**Supplied entries:**

--------------------

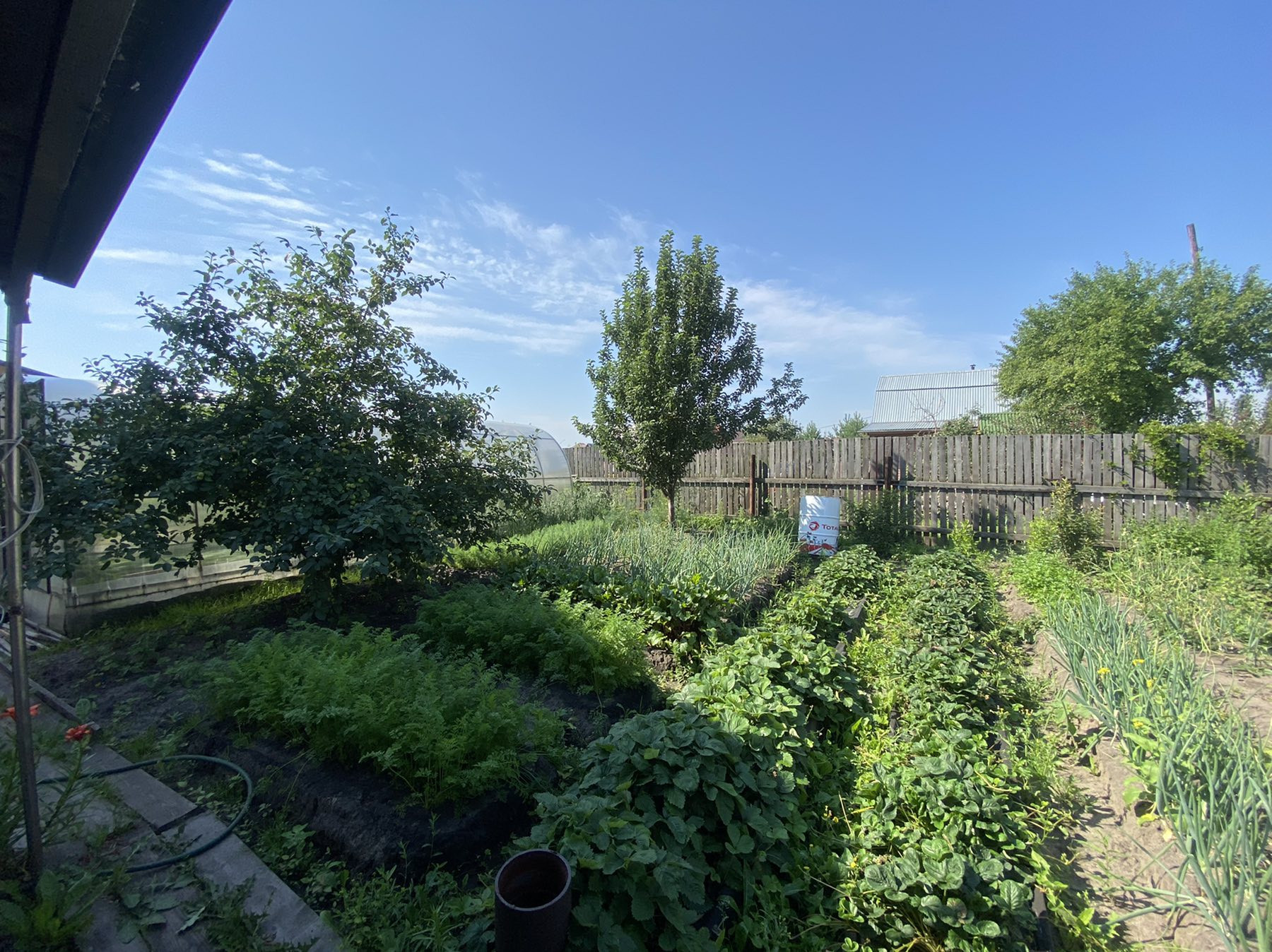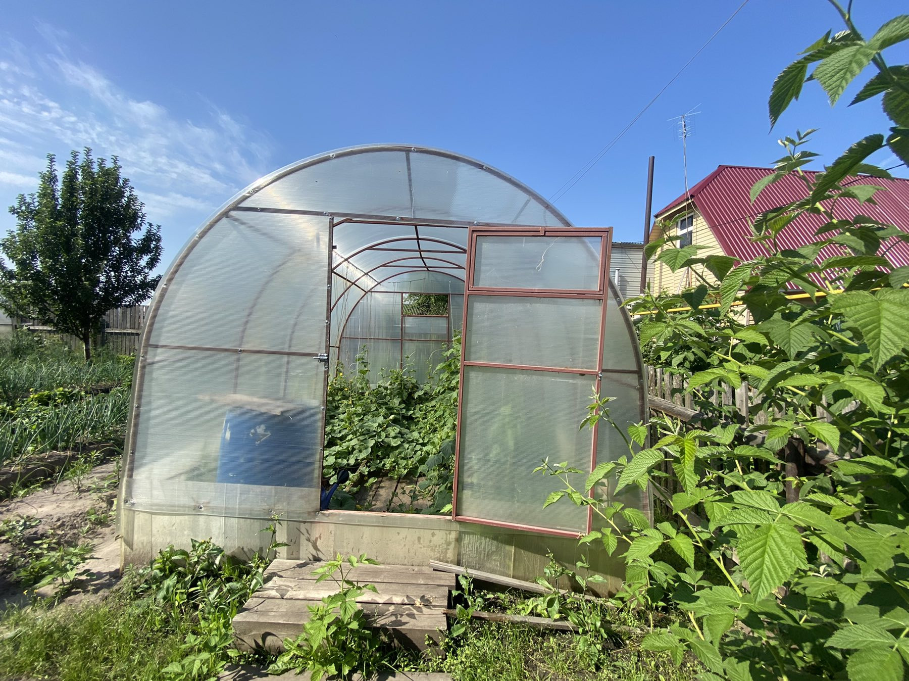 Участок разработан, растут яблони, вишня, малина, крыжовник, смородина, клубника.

--------------------

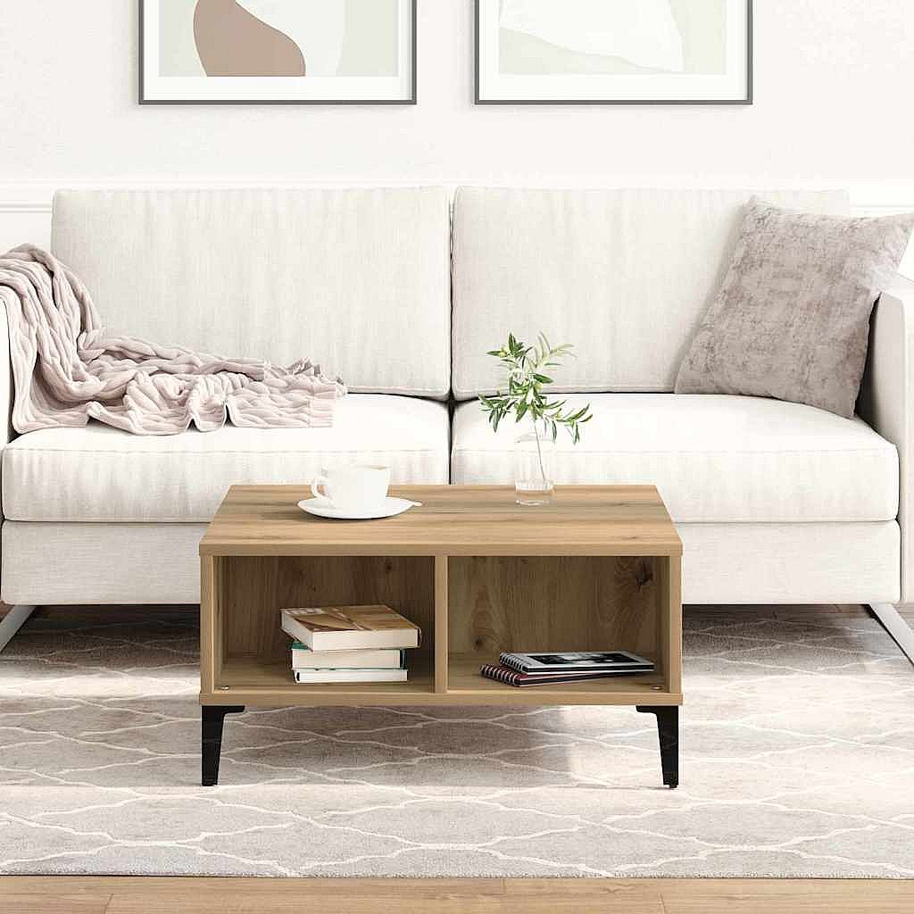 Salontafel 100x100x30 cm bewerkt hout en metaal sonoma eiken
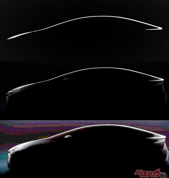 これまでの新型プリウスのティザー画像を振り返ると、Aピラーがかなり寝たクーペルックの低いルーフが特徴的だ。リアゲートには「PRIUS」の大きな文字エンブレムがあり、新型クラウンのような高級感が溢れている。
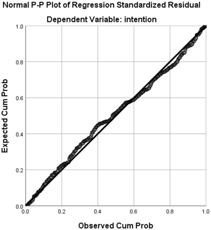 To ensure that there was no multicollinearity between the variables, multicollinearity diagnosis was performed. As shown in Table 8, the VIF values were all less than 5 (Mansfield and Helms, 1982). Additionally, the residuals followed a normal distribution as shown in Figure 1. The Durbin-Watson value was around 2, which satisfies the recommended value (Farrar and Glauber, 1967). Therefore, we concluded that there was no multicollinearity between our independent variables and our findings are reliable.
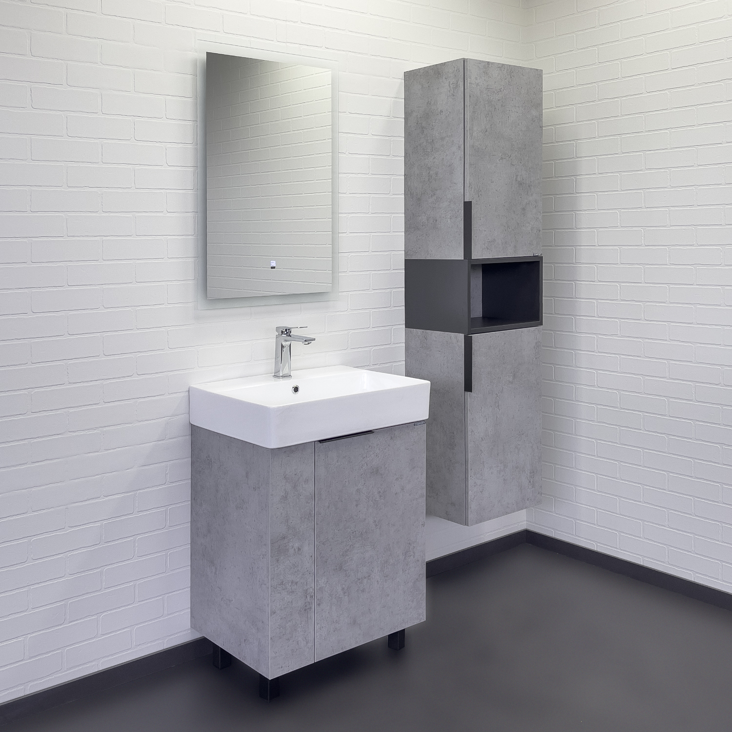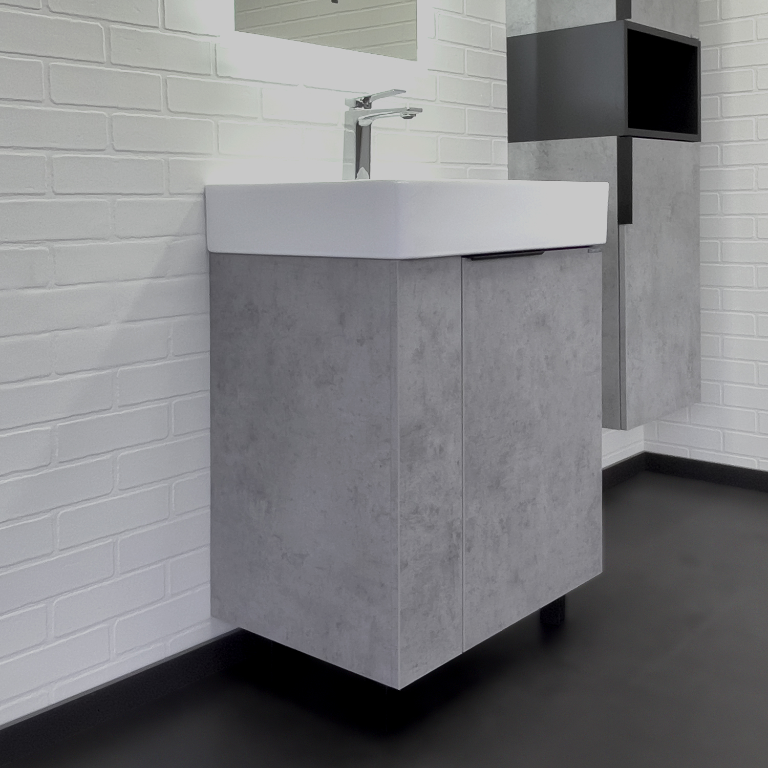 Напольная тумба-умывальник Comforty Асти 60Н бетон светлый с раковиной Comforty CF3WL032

--------------------

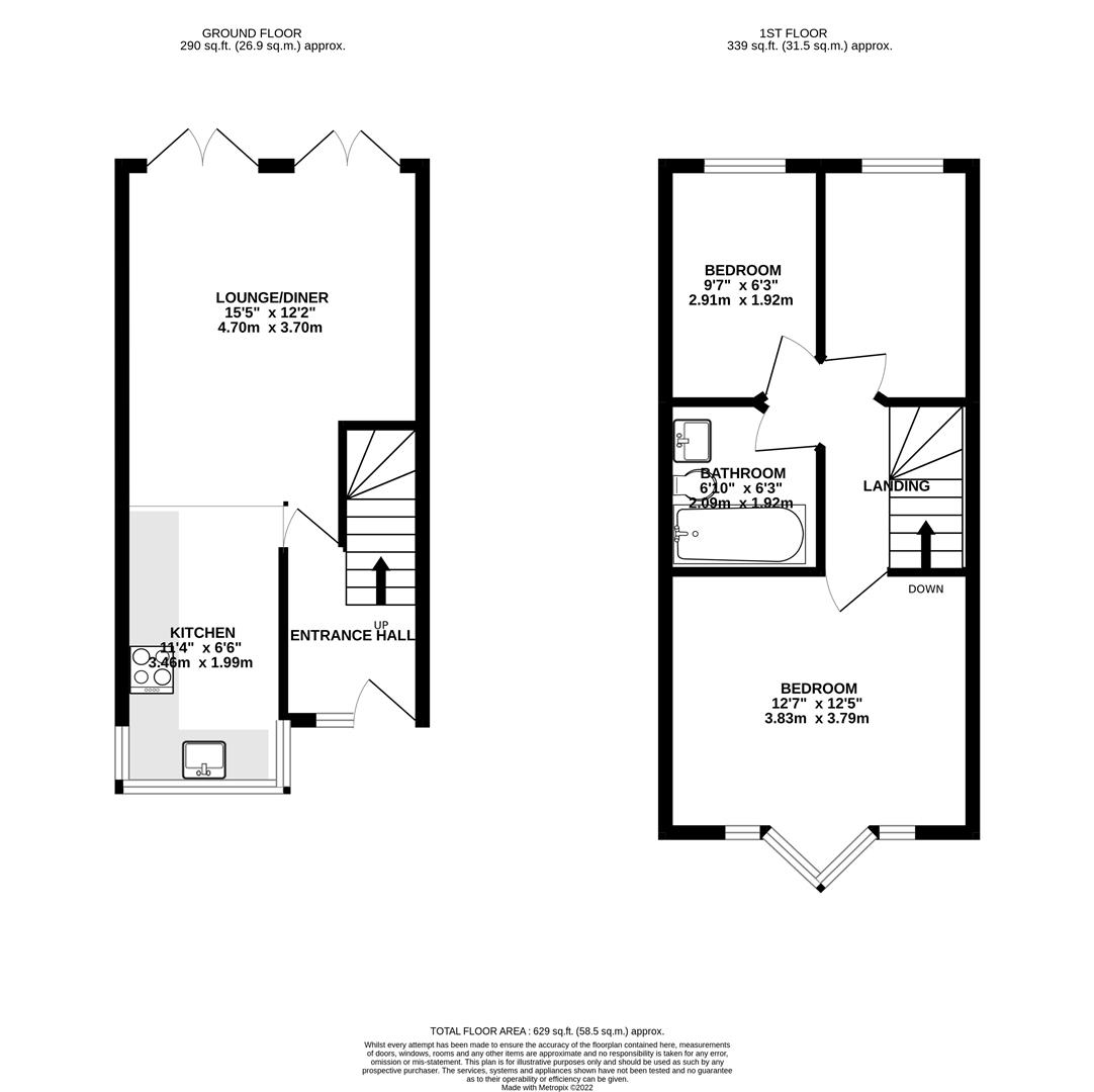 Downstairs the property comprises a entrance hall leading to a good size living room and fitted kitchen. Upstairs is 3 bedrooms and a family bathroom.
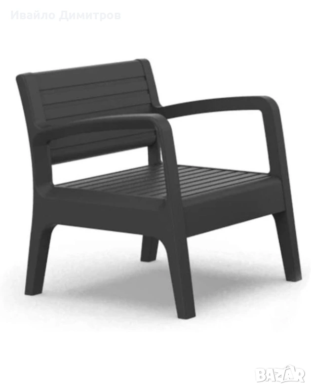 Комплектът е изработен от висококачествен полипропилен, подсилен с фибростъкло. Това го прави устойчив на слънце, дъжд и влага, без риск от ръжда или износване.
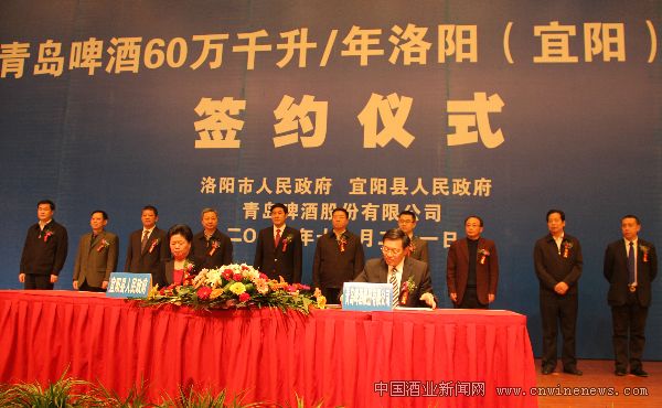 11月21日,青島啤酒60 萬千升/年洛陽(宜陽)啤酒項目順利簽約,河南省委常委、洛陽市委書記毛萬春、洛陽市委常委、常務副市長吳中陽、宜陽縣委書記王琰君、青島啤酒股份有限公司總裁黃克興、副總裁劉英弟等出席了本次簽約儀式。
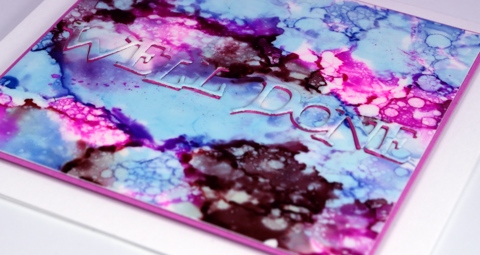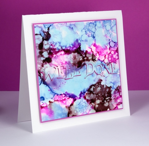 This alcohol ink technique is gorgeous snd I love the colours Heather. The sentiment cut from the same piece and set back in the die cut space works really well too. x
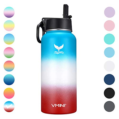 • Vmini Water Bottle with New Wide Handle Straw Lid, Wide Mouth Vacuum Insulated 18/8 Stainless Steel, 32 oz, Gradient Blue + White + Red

--------------------

**Exercise instructions:**
An exact transcription is needed of the lines from the one with "これまでの新型プリウスのティ" to the one with "Напольная тумба-умывальник Comforty" above, both ends included, with pictures left out.

**Exercise answer:**
 これまでの新型プリウスのティザー画像を振り返ると、Aピラーがかなり寝たクーペルックの低いルーフが特徴的だ。リアゲートには「PRIUS」の大きな文字エンブレムがあり、新型クラウンのような高級感が溢れている。
 To ensure that there was no multicollinearity between the variables, multicollinearity diagnosis was performed. As shown in Table 8, the VIF values were all less than 5 (Mansfield and Helms, 1982). Additionally, the residuals followed a normal distribution as shown in Figure 1. The Durbin-Watson value was around 2, which satisfies the recommended value (Farrar and Glauber, 1967). Therefore, we concluded that there was no multicollinearity between our independent variables and our findings are reliable.
 Напольная тумба-умывальник Comforty Асти 60Н бетон светлый с раковиной Comforty CF3WL032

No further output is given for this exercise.